Unifor denounces EDC loan to Volkswagen

TORONTO, April 24, 2015 /CNW/ - Unifor leaders expressed shock and anger at news that Export Development Canada is lending Volkswagen $526 million to support the expansion of its assembly operations in Mexico.

"It is absolutely incredible that a Canadian government agency is helping to facilitate and accelerate the migration of the continental auto industry to Mexico, and with no guarantees of any Canadian benefit from the loan whatsoever," said Jerry Dias, Unifor National President.

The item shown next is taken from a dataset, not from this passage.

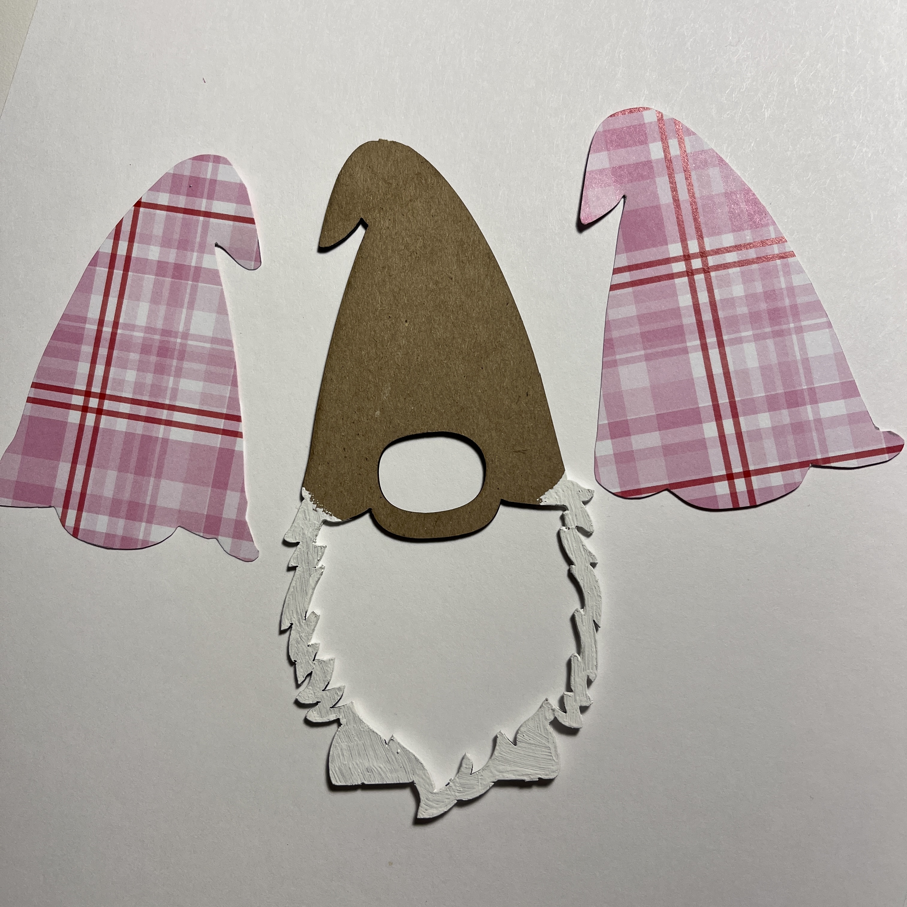 Additional supplies: gnome paper (Hobby Lobby), assorted card stock colors, vinyl (using Cricut Joy machine), floral embellishments, pop dot foam pieces
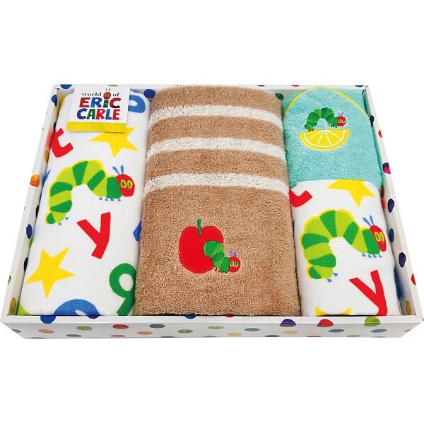 大胆な色使いで大人から子供まで幅広く愛されている絵本「はらぺこあおむし」の、鮮やかな色使いのタオルセットです。

EDC claims the loan will help Canadian parts makers win new business with Volkswagen.  However, there are no requirements that VW buy anything at all from Canadian firms. They are only committed to participating in a "matchmaking" process.  Even if Canadian-based firms did win a contract from Volkswagen, the work would most likely be sourced from parts plants in Mexico (rather than being made in Canada).

"If the Canadian government is really interested in supporting the auto parts sector, then it should focus on winning new investments and creating new jobs right here in Canada," said Dias. 

"It is painfully ironic that we recently lost out on a lucrative engine investment in Windsor by Ford, largely because of inadequate government support.  Yet we can somehow find $526 million to help a foreign firm invest in Mexico.  Our members are beside themselves with anger."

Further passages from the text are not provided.